All of these patients would not meet the current HDE criteria but clearly are still at risk, he noted. Moreover, while these patients are not officially candidates for PFO closure, there are no regulatory barriers for them being sent for open-heart surgical closure. CDU is aware of at least one prominent cardiac surgeon that is closing PFOs through an incision in the sternum, not through endovascular techniques.

As a result, Kramer said, a large majority of patients undergoing device closure today are not enrolled in a trial, but the covert, off-label use thus undermining any efforts to understand the true safety and efficacy of the devices. An alternative, he argued, would be the creation of a registry. “The opportunity to learn about the safety and efficacy of PFO closure is being squandered. A well-designed registry can at least assess the absolute if not the relative outcomes of percutaneous PFO closure.”

But while use of PFO-closure devices for stroke prevention ramps up – despite a lack of proof of efficacy – excitement also is mounting for PFO closure as a treatment for migraine headaches, again despite only scant evidence supporting such a strategy. Summing up the evidence, Kramer pointed out that PFOs are more common in migraine sufferers than in the general population. He also noted that a history of migraine is twice as prevalent in people who undergo PFO closure.

While intrigued with the concept, Wechsler said, “so far I haven’t heard of any biologically plausible mechanism.” In addition, he argued that “we’re dealing with unblinded, retrospective, self-reported data, not to mention a possible placebo effect and the effect of post-closure aspirin and clopidogrel, which in and of itself can have an effect on migraines.”

The solution here, too, is a randomized controlled trial, Kramer said. And indeed, the MIST trial is ongoing, with results expected in early 2006. In this case, he added, he is much less cynical about the ability of the trials to enroll patients, given the “desperation of chronic migraine-sufferers willing to try anything to get rid of their pain.”

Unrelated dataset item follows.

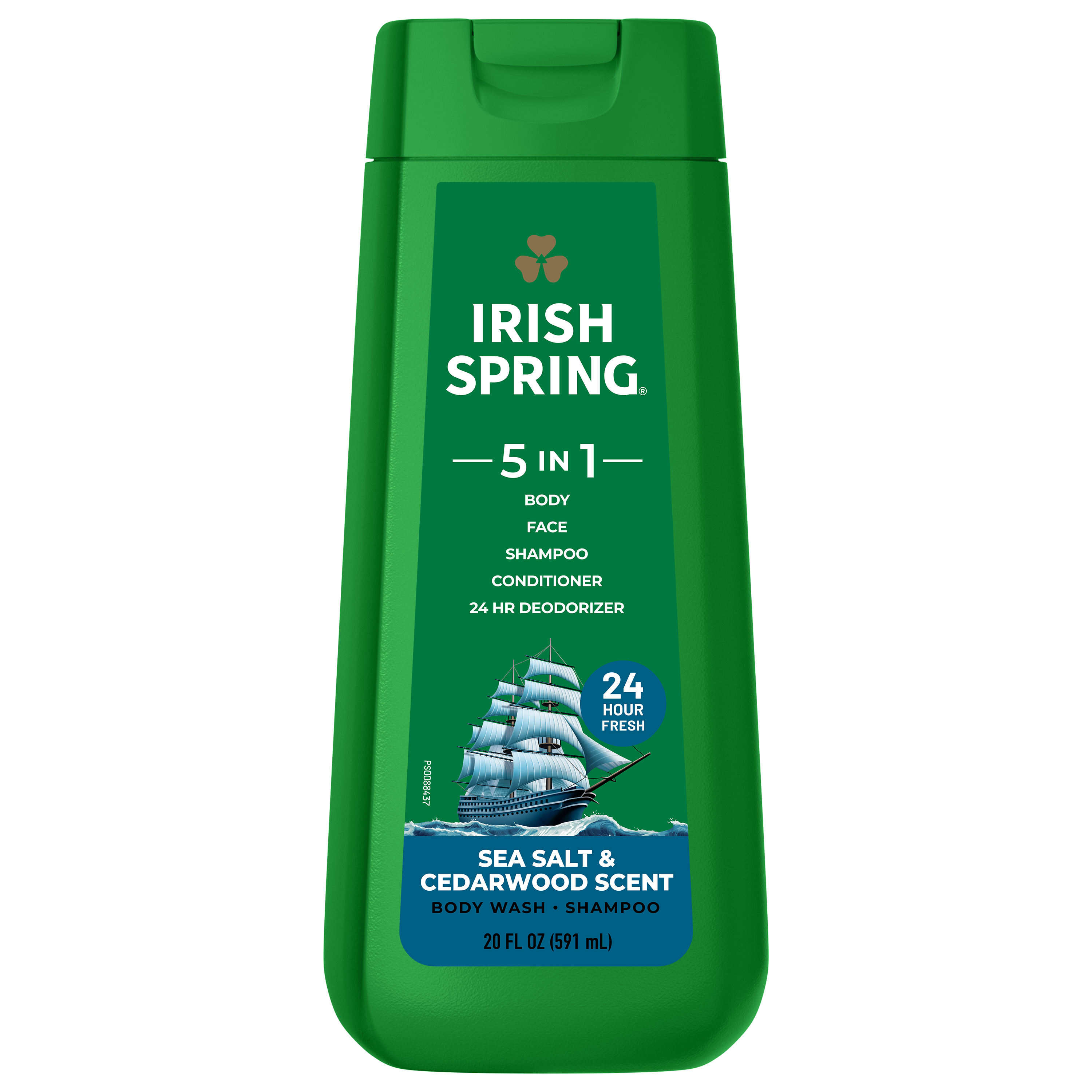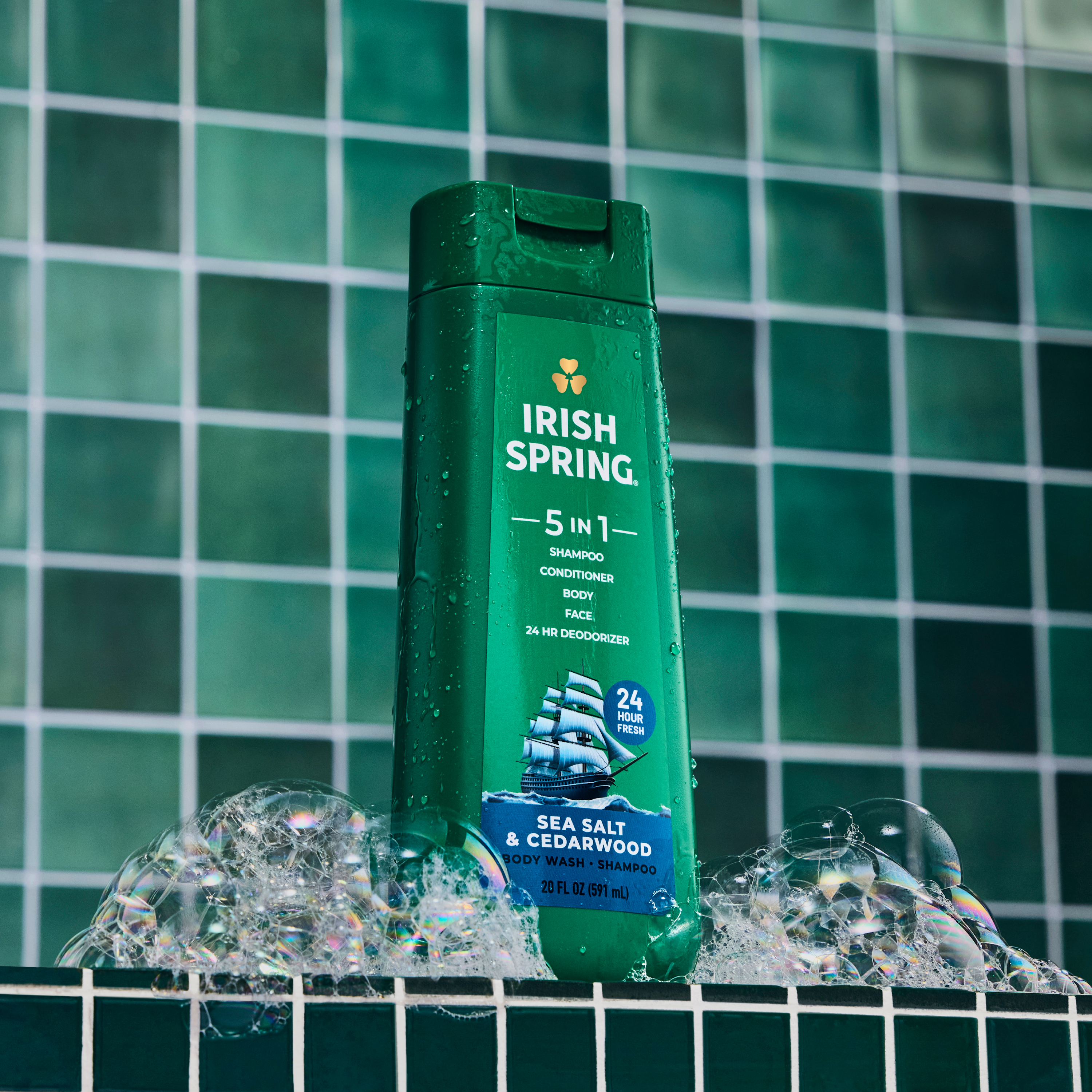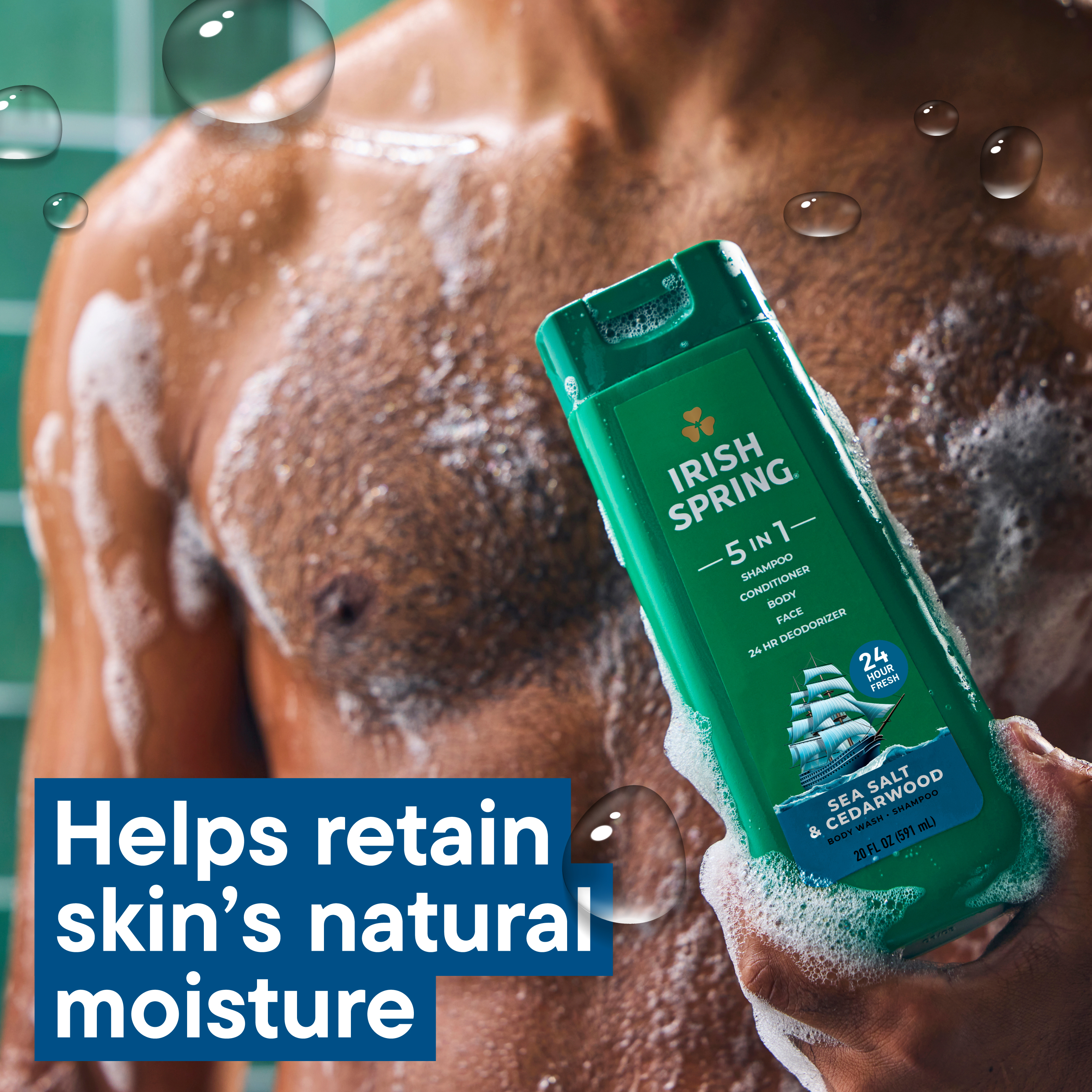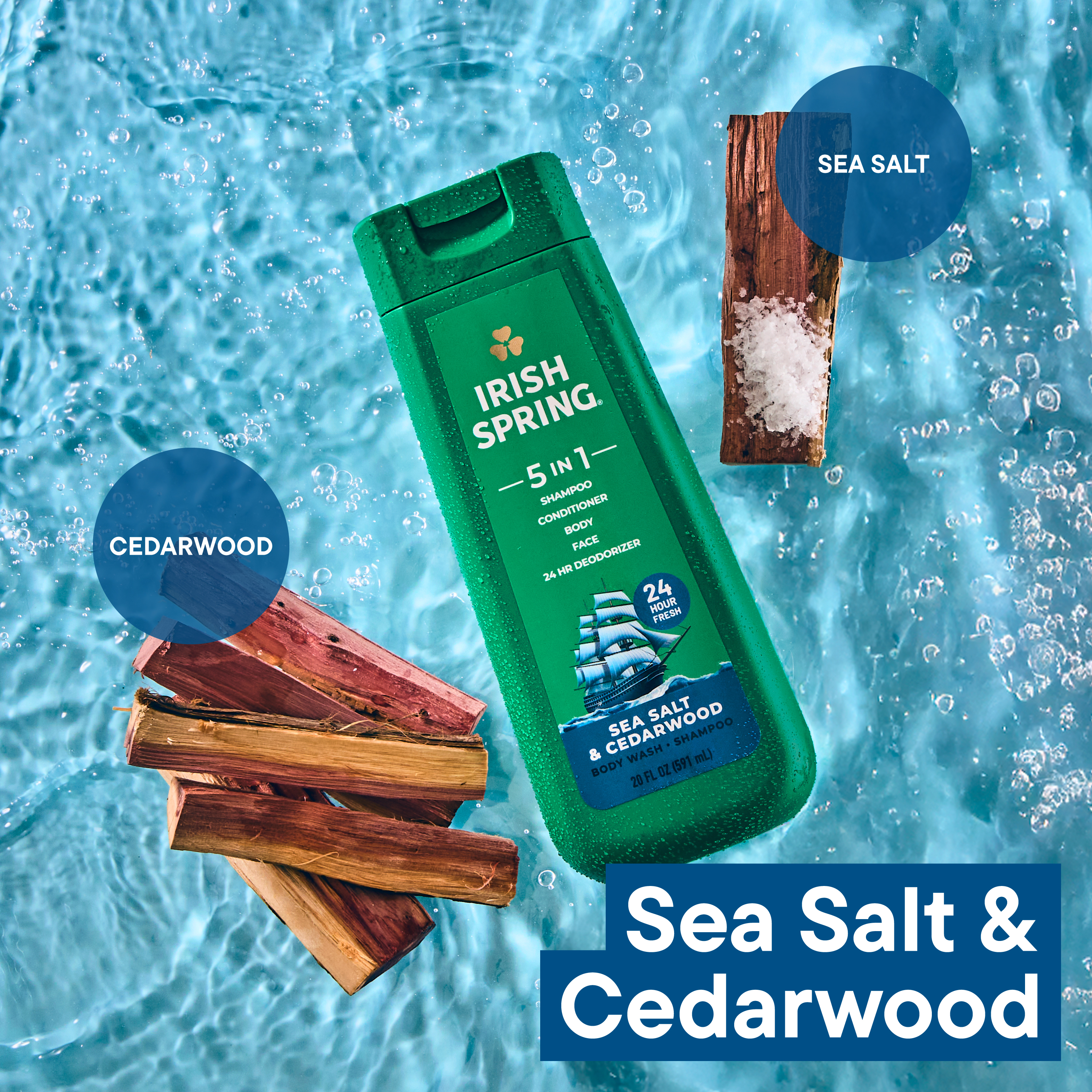 Irish Spring 5 in 1 Moisturizing Body Wash for Men, Shampoo, Conditioner, Body and Face Wash, and 24 Hour Deodorizer, Paraben-Free, Sea Salt & Cedarwood Scent, 20 fl oz

Kramer concluded that “extending PFO closure to migraine sufferers isn’t ludicrous but it is premature. Experience suggests that randomized controlled trials currently starting in the U.S. will enroll rapidly due to the large population of motivated refractory migraineurs and great interest and awareness among neurologists.” That said, he cautioned, “If closure devices gain regulatory approval for migraine sufferers, the opportunity to determine their safety and efficacy in cryptogenic stroke will be lost.”